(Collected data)
==================================================

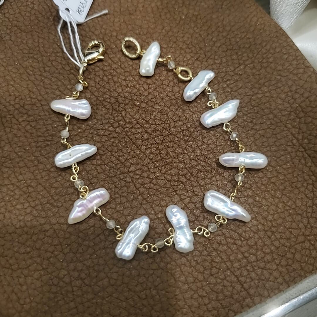 ロマンチックなケシパールととても小さなキラキラとしたラブラドライトとのコンビブレスレット
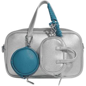 ☆ シルバー×ブルー ☆ ハンドバッグ レディース 小さめ 2way ショルダー ハンドバッグ レディース ショルダーバッグ 2way バッグ
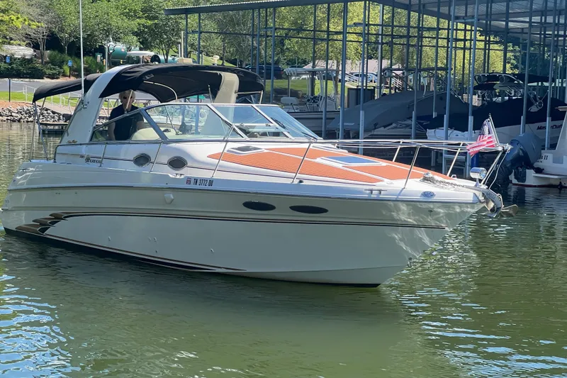With its Arctic white gelcoat, stylish graphics package, lustrous burl wood accents and a fiberglass sport spoiler, it's easy to fall for the Sea Ray 290 Sundancer based on looks alone. But to make sure it's just as appealing from a practical standpoint, Sea Ray included a wealth of operational systems. Consider just the short list: automatic bilge pump, electric bilge blower, power steering, power tilt and trim, Lowrance 3500 digital depth finder, dockside power, even a freshwater washdown with cockpit shower, and concealed dockside water inlet. The large, extended swim platform and transom door makes it easy to board from the dock or the water, especially since the stainless steel swim ladder can be stowed away in its own dedicated compartment. The 290 Sundancer has a powerful standard engine package - twin 4.3L Bravo II MCM stern drives with 190 horsepower to get away from it all, fast. An upgraded list of gas-powered twin and diesel stern drive options are also available for the 2000 model year. The cockpit on the Sea Ray 290 Sundancer was designed for maximum efficiency with features like a self-bailing fiberglass cockpit liner, full instrumentation with weatherproof switches and circuit breaker panel, a high water bilge pump and alarm system at the helm, a covered chart tray forward of helm and a curved, tinted windshield with power vent. Functionality aside, the cockpit was also clearly built for all-day fun with room for family and friends to travel in style. The seating arrangement offers a double helm seat with flip-up thigh-rise bolster for dual driving positions. The aft-facing seat has a storage compartment built into its base. For sun seekers, there's a portside sun lounger that's well cushioned and well within reach of the cockpit wet bar that has its own cooler and faucet. To gain even more space for sunning, an optional aft cockpit table that converts into a sunpad can be added. Finally, the aft bench seat in the stern folds neatly away for easy access to the engine when the gas-assisted hatch is raised. Inside, the spacious cabin of the Sea Ray 290 Sundancer has a four-person dinette that easily converts to extra sleeping space when not in use. There's also a roomy forward V-berth for a comfortable night's rest. Push aside the privacy curtain, set up the stowable V-berth table, toss on the standard throw pillows and there's the perfect conversation area. The cabin area has three deck hatches with screens and sky screen covers, four opening portlights, and four hull windows to keep it light and provide plenty of fresh air. In the mid stateroom, a double bunk provides perfect guest quarters with mirrored bulkheads, a storage cabinet, and a curved sliding window with screen. The 290 Sundancer also features deep stain-resistant 40-ounce carpet, and a Clarion AM-FM digital cassette stereo with amplifier, six speakers and cockpit remote control to further enhance the environment. Durable, easy-to-clean molded fiberglass is used in the galley countertop and sink area with 6' 3” headroom. Sea Ray included all the necessities like a standard dual-voltage refrigerator, recessed two-burner electric stove, a microwave oven and more. The head and vanity feature a full fiberglass enclosed standup head with a shower and curtain, power vent and a VacuFlush toilet with fiberglass settee lid. There's even a water heater and a standard carbon monoxide monitor to complete the list of cabin amenities.
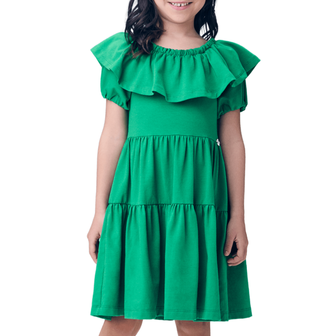 O Vestido Babado Manga Balonê Verde Momi é a escolha perfeita para quem ama um visual alegre, fluido e cheio de charme! Com seu tom verde vibrante e modelagem encantadora, ele combina conforto e estilo para acompanhar as pequenas em qualquer ocasião especial.
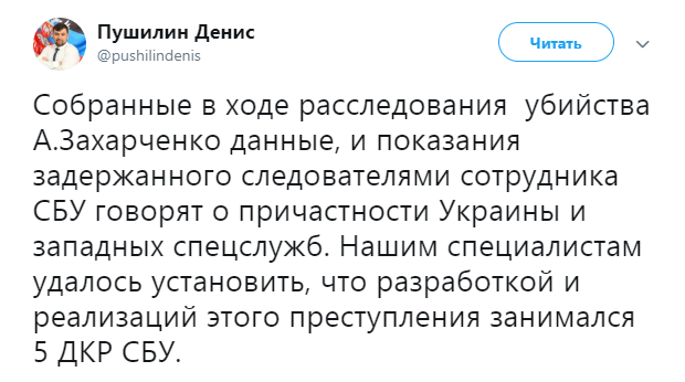"Собранные в ходе расследования убийства Александра Захарченко данные и показания задержанного следователями сотрудника СБУ говорят о причастности Украины и западных спецслужб", - написал он в сети.
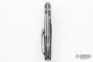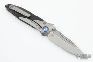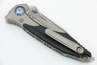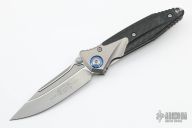 This Socom Bravo by Microtech is made in China by Rike Knife, it features a bead blasted blade, notched thumbrest, and dual thumbstuds. The handle has bead blasted titanium bolsters/liners, blue anodized pivot collars, carbon fiber scales. Tip up carry bead blasted titanium clip. Bead blasted titanium backspacer. Dated 01/2022 and s/n 0381. Comes with original box and papers. Excellent condition.
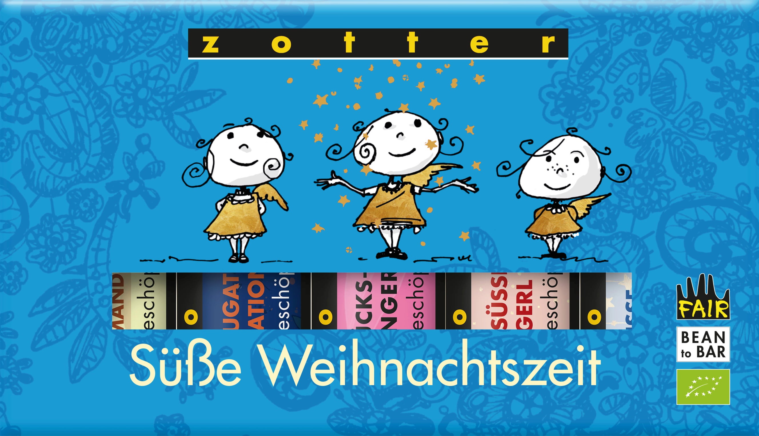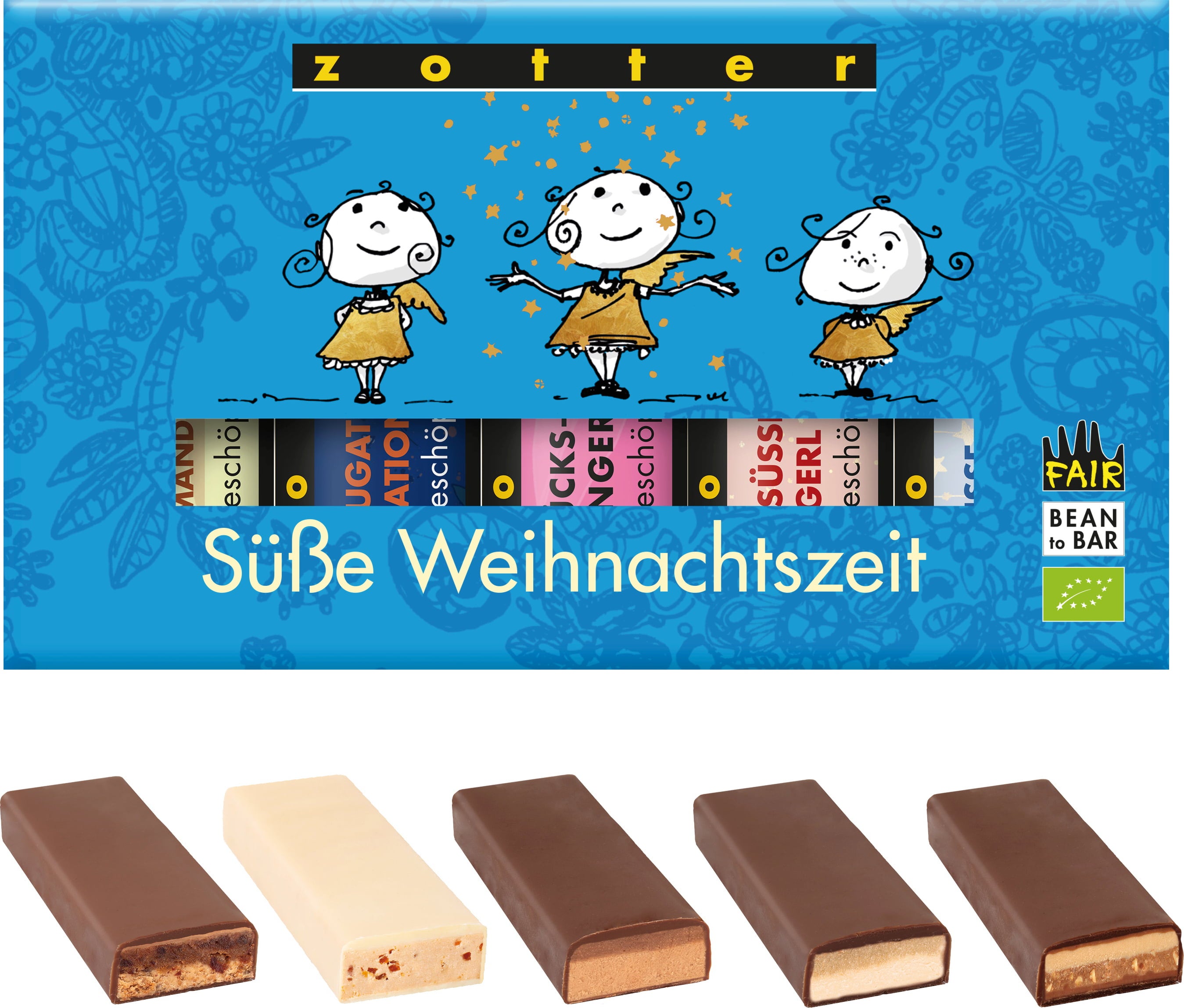 - Za sladke angelčke: Priljubljena sorta "SchokoBiene mit Honigblätchen" (bela čokolada s karamelnim čipsom) v božični obleki.

==================================================

From the first line of the entries down to the line with "ショルダーバッグ 2way バッグ", print each line exactly; omit any picture.

Result for this task:
 ロマンチックなケシパールととても小さなキラキラとしたラブラドライトとのコンビブレスレット
 ☆ シルバー×ブルー ☆ ハンドバッグ レディース 小さめ 2way ショルダー ハンドバッグ レディース ショルダーバッグ 2way バッグ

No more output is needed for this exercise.